The goal is to have the per-command JSON as the single source of truth, containing everything there is to know about a command. We will generate code (commands.json for radis.io, the command table for Redis, etc.) using these files.

Subcommands as commands

If a command is meaningless without a subcommand (CONFIG, MEMORY, and others) it may suggest that we’re actually talking about a few separate logical commands that happen to have a common theme.
These subcommands need to have a separate entry in the command table with their own unique flags and ACL categories.

A list of such commands:

CONFIG
COMMAND
MEMORY
SLOWLOG
OBJECT
SCRIPT
DEBUG
XGROUP
XINFO
CLIENT
CLUSTER
ACL
STRALGO
MODULE
LATENCY

COMMAND command

COMMAND has the following issues:

  1. All the commands above, excluding COMMAND, have no meaning with a subcommand. That means we will need to represent both COMMAND and COMMAND INFO, etc. in the command table.
  2. We would like to eliminate the above commands (except COMMAND) from the command table altogether (i.e. CONFIG by itself is meaningless). We can’t do that because we have to maintain backward-compatibility of COMMAND (i.e. COMMAND INFO config should work)

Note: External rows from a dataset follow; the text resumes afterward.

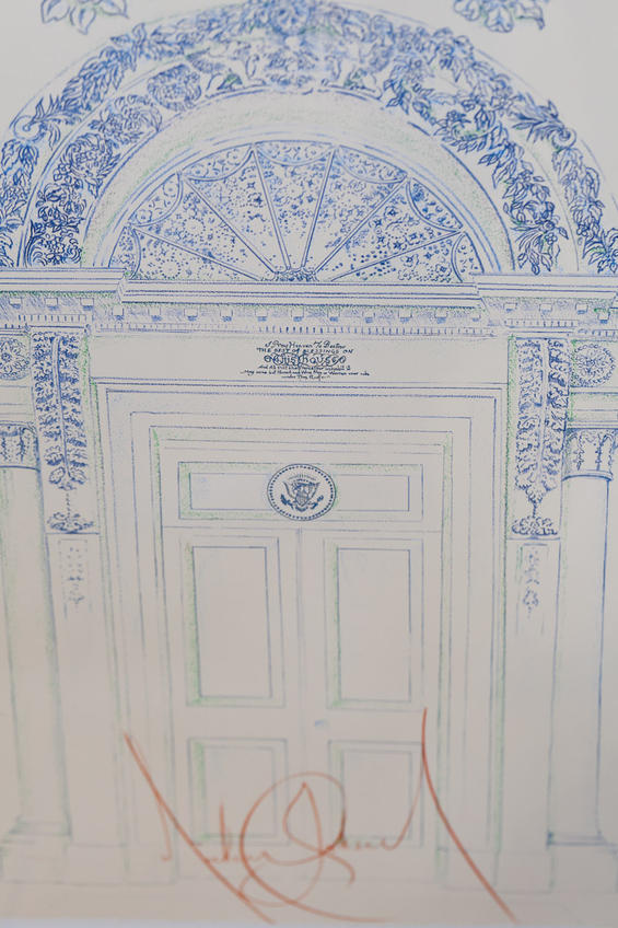 よく見ると、本物のドアにはない大統領の紋章と
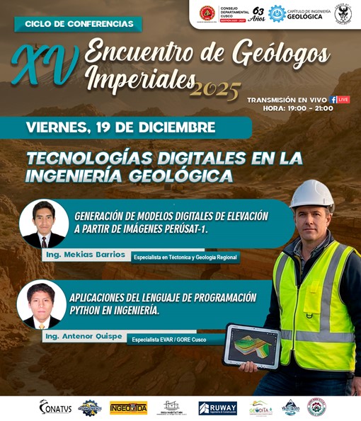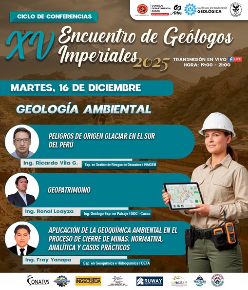 ✅ El Capítulo de Ingeniería Geológica del Colegio de Ingenieros del Perú – C.D. Cusco, junto al Código 07-II Piroclastos, invitan a profesionales, estudiantes y público interesado a participar del Ciclo de Conferencias del XV Encuentro de Geólogos Imperiales 2025.
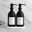 Offering a premium labelling solution, this simple yet gorgeous matte black glass bottle set will uplift your home whilst also beautifully displaying your chosen products. The pump dispenser is unscrewed allowing for easy refill with your chosen product. This allows you to reduce household plastic waste and will help you move over to an eco-friendly environment. A permanent labelling solution allowing you to add a modern look to your home.

COMMAND’s output (with no args) will keep the old format, with entries to all commands for backward compatibility but we will try to deprecate it.
We will add a new command COMMAND LIST, that’ll return the list of commands in a new format, which will include all the features described in this document.

The idea is that each such command will have an array of sub-commands. Once the server finds a hit on argv[0] as the command name it needs to check whether this command has subcommands and try to match argv[1]. It means that we are no longer talking about a command table, we’re talking about a command tree.

Key positions

In order to easily find the positions of keys in a given array of args we introduce keys specs. There are two logical steps of key specs:

  1. start_search: Given an array of args, indicate where we should start searching for keys
  2. find_keys: Given the output of start_search and an array of args, indicate all possible indices of keys.

start_search step specs

  • index: specify an index explicitly
  • keyword: specify a string to match in argv. We should start searching for keys just after the keyword appears. Another property for this spec is an index from which to start the keyword search (can be negative, which means to search from the end)

Examples:

  • SET has start_search of type index with value 1
  • XREAD has start_search of type keyword with value [“STREAMS”,1]
  • MIGRATE has start_search of type keyword with value [“KEYS”,-2]

find_keys step specs

  • range: specify [count, step, limit].
    • count: number of expected keys. indicating till the last argument, -2 one before the last
    • step: how many args should we skip after finding a key, in order to find the next one
    • limit: if count is -1, we use limit to stop the search by a factor. 0 and 1 mean no limit. 2 means ½ of the remaining args, 3 means ⅓, and so on.
  • “keynum”: specify [keynum_index, first_key_index, step]. Note: keynum_index is relative to the return of the start_search spec. first_key_index is relative to keynum_index.

Examples:

  • SET has range of [1,1,0]
  • MSET has range of [-1,2,0]
  • XREAD has range of [-1,1,2]
  • ZUNION has start_search of type index with value 1 and find_keys of type keynum with value [0,1,1]
  • AI.DAGRUN has start_search of type keyword with value [“LOAD“,1] and find_keys of type keynum with value [0,1,1] (see https://oss.redislabs.com/redisai/master/commands/#aidagrun)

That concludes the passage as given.